У Евгения Онегина острое современное видение
1 из 1 2 из 1
Петр Ильич Чайковский. Либретто Константина Шиловского по роману Александра Пушкина. Постановка Ванкуверской оперы. В субботу, 22 ноября, в Театре королевы Елизаветы. Оставшиеся спектакли 27 и 29 ноября
Восхитительная новая постановка «Евгения Онегина» в Ванкуверской опере сочетает в себе лучшее из двух миров: пышная старинная пьеса и острое современное видение. Дубль режиссера Памелы Берлин удовлетворяет желание поклонников оперы погрузиться в историческую историю, но при этом стряхивает все пылинки до последней пылинки.

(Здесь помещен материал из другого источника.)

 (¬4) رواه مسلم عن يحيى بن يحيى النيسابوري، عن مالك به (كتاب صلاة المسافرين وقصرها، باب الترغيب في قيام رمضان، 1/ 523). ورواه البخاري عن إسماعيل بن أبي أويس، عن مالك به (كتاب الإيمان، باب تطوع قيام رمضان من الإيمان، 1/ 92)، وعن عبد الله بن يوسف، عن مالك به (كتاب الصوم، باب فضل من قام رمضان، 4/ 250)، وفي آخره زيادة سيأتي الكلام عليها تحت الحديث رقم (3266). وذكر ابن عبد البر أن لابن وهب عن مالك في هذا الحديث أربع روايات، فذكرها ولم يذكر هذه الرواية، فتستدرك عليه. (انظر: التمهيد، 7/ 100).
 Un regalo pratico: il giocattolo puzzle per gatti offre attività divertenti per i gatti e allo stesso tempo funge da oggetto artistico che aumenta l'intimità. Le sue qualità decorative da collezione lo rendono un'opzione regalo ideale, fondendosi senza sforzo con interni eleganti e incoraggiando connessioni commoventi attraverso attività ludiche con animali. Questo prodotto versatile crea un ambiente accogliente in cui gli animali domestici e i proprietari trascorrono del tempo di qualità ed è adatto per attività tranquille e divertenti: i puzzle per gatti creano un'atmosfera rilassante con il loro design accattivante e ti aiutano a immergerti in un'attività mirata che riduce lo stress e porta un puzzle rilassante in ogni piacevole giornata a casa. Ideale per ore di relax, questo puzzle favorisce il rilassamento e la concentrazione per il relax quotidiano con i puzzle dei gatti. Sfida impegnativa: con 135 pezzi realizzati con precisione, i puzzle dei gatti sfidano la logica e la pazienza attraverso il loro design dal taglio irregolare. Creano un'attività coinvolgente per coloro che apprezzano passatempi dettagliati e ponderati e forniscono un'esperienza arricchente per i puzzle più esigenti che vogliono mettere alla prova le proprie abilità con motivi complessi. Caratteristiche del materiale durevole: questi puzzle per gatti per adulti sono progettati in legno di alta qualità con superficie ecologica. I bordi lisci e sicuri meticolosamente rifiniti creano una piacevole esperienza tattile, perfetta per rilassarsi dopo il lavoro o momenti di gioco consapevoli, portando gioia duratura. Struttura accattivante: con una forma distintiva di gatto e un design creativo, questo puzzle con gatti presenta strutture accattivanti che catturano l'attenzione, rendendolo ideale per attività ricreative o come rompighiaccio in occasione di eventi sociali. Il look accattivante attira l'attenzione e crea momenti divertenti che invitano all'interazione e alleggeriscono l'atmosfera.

«Царская Россия» дизайнера Нила Пателя — это игра контрастов. Когда мы встречаемся с застенчивой деревенской девушкой Татьяной, теплый красноватый свет заката проглядывает через ряд за рядом легендарных стволов берез, создавая глубокую, перекошенную перспективу, которая умудряется быть одновременно гиперреальной и абстрактной. К тому времени, как любимый плохой мальчик Татьяны, Евгений Онегин, втягивается в дуэль, сцена представляет собой холодную пустыню, присыпанную снегом. А Санкт-Петербургский бальный зал во втором акте ледяной, как застывшая Столичная, серебристо-серая картина из резных люстр и плоских колонн, напоминающих аристократические фасады. Вся авансцена заключена в гигантскую раму с античной позолотой, словно оживший портрет Ильи Ефимовича Репина.
Эмоционально реалистичные представления также делают эту постановку современной. Онегин в исполнении баритона Бретта Полегато — непревзойденный хладнокровный заказчик, лихой и отстраненный, человек, который отказывается целовать дамам руки и презирает юную Татьяну за то, что она так открыто призналась ему в любви. Свидетельством диапазона Полегато является то, что, когда он, наконец, снова встречает Татьяну, он в беспорядке прячет лицо у нее на коленях и кричит в агонии, когда она обвиняет его в желании ее, потому что она присоединилась к высшему обществу. Он хам и неудачник, но в конце концов вы не можете не сочувствовать ему.
Еще одним выдающимся деятелем является тенор Олег Балашов, который играет Владимира Ленского, человека, который вызывает своего друга Онегина на дуэль за флирт с его невестой. Русский привносит дополнительное богатство в свой родной язык. Как и подобает романтическому персонажу, он носит свои эмоции на рукаве, то ли громко ноет в «Куда делись весенние золотые дни», то ли шипит на своего соперника русским эквивалентом «бесчестный обольститель».
«Евгения Онегина» часто называют оперой Татьяны, но здесь это не обязательно так. У родившейся в Абботсфорде сопрано Рослин Джонс приятный и непринужденно сладкозвучный голос, но она не настолько задумчива, как могла бы быть, как одинокий книжный червь.